Android 系统属性 Property
最近调试zygote进程的镜像恢复,发现重新设置系统语言或情景模式后,再开机不起作用。经调试发现是用get_property的到的值与实际文件中的值不符。
只能分析下property的过程。
在Android开机后的init.c的主要工作:
queue_builtin_action(property_init_action, "property_init");
queue_builtin_action(set_init_properties_action, "set_init_properties");
queue_builtin_action(property_service_init_action, "property_service_init");
queue_builtin_action(queue_property_triggers_action, "queue_propety_triggers");
上面是几个跟property相关的初始化动作加入队列中,
接着在init.c里for循环里有下面的代码
int property_set_fd_init = 0;
。。。
for(;;) {
execute_one_command();
。。。
if (!property_set_fd_init && get_property_set_fd() > 0) {
ufds[fd_count].fd = get_property_set_fd();
ufds[fd_count].events = POLLIN;
ufds[fd_count].revents = 0;
fd_count++;
property_set_fd_init = 1;
}
。。。
for (i = 0; i < fd_count; i++) {
if (ufds[i].revents == POLLIN) {
if (ufds[i].fd == get_property_set_fd())
handle_property_set_fd();
else 。。。

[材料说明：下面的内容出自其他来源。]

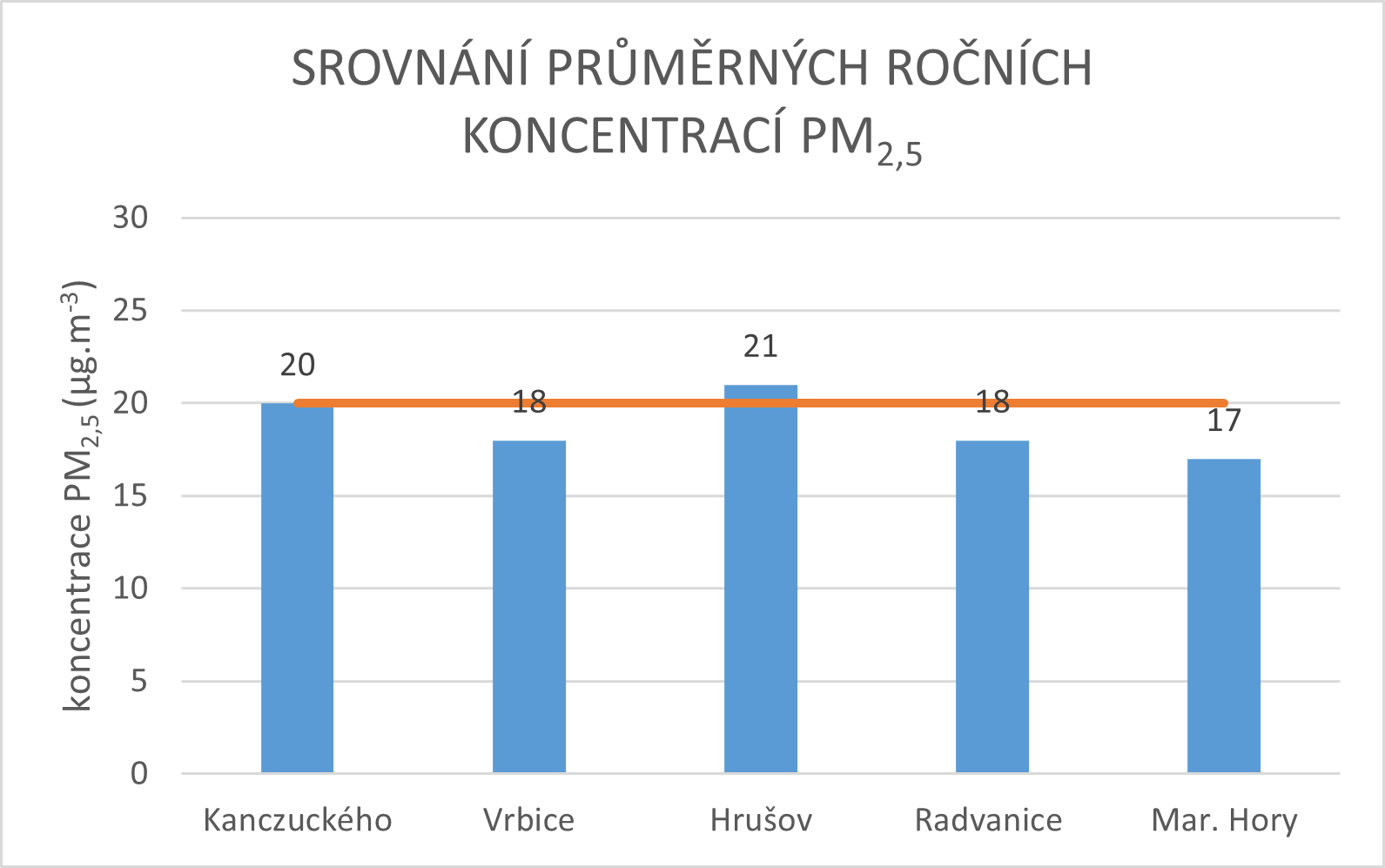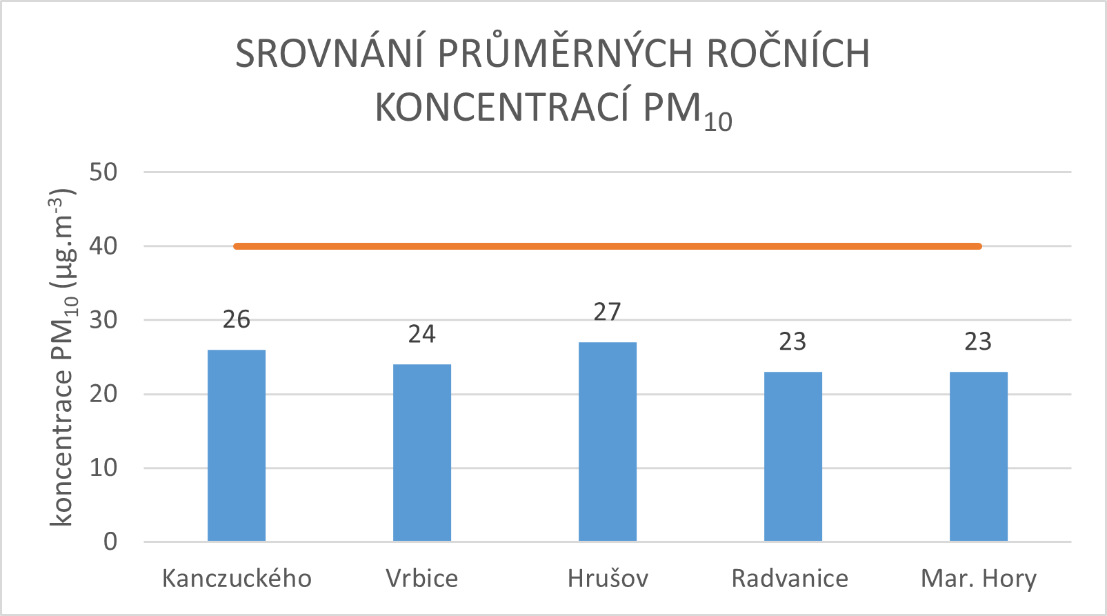 Roční naměřené hodnoty byly jednak porovnávány s platnými imisními limity a zároveň souběžně byla tato data porovnávána také s výsledky dosaženými na ostravských měřicích stanicích, které jsou provozovány v Radvanicích, Mariánských Horách a Hrušově. Sledují se koncentrace polétavého prachu velikosti PM10, PM2,5, oxidy dusíku (NO/NO2/NOx), oxidu uhelnatého (CO), oxidu siřičitého (SO2), těkavých organických látek (TOL) (hlavního zástupce benzenu) a polycyklických aromatických uhlovodíků (PAU) včetně benzo[a]pyrenu (BaP).

。
}
}
}
在这个for循环里会用execute_one_command();去执行队列中的代码,可以看到会去执行上面已经提到的这几个。
queue_builtin_action(property_init_action, "property_init");
queue_builtin_action(set_init_properties_action, "set_init_properties");
queue_builtin_action(property_service_init_action, "property_service_init");
queue_builtin_action(queue_property_triggers_action, "queue_propety_triggers");
其实是依次执行
property_init_action
set_init_properties_action
property_service_init_action
queue_property_triggers_action
并且当get_property_set_fd条件满足(property_service_init_action被执行)后,会去处理handle_property_set_fd(),也就是init最后充当ufds[]里那几个句柄的server
现在来逐步分析
A. property_init_action
里面调的是property_service.c里的
property_init
init_property_area
load_properties_from_file(“/default.prop”);
其中init_property_area是初始化一块内存,
load _properties_from_file则读取一些默认的属性
init_property_area初始化一块内存进行共享,而load_properties_from_file则读取一些默认的属性。
init_property_area里
static int init_property_area(void)
{
prop_area *pa;
if(pa_info_array)
return -1;
if(init_workspace(&pa_workspace, PA_SIZE))//PA_SIZE = 32168
return -1;
fcntl(pa_workspace.fd, F_SETFD, FD_CLOEXEC);
pa_info_array = (void*) (((char*) pa_workspace.data) + PA_INFO_START);//PA_INFO_START = 1024
pa = pa_workspace.data;
memset(pa, 0, PA_SIZE);
pa->magic = PROP_AREA_MAGIC;
pa->version = PROP_AREA_VERSION;
/* plug into the lib property services */
__system_property_area__ = pa;
property_area_inited = 1;
return 0;
}
可以看到init_workspace()后,将__system_property_area__作为prop_area,以后属性就从内存中读取了。出错的关键肯定是init_workspace里做了文件映射到内存的动作,导致镜像恢复后内存和文件中的内容不符合
static int init_workspace(workspace *w, size_t size)
{
void *data;
int fd;
/* dev is a tmpfs that we can use to carve a shared workspace
* out of, so let's do that...
*/
fd = open("/dev/__properties__", O_RDWR | O_CREAT, 0600);
if (fd < 0)
return -1;
if (ftruncate(fd, size) < 0)
goto out;
data = mmap(NULL, size, PROT_READ | PROT_WRITE, MAP_SHARED, fd, 0);
if(data == MAP_FAILED)
goto out;
close(fd);
fd = open("/dev/__properties__", O_RDONLY);
if (fd < 0)
return -1;
unlink("/dev/__properties__");
w->data = data;
w->size = size;
w->fd = fd;
return 0;
out:
close(fd);
return -1;
}
果然init_workspace里有mmap的动作,但是这个是init进程的,怎么传递给zygote进程的呢?带会儿再注意下。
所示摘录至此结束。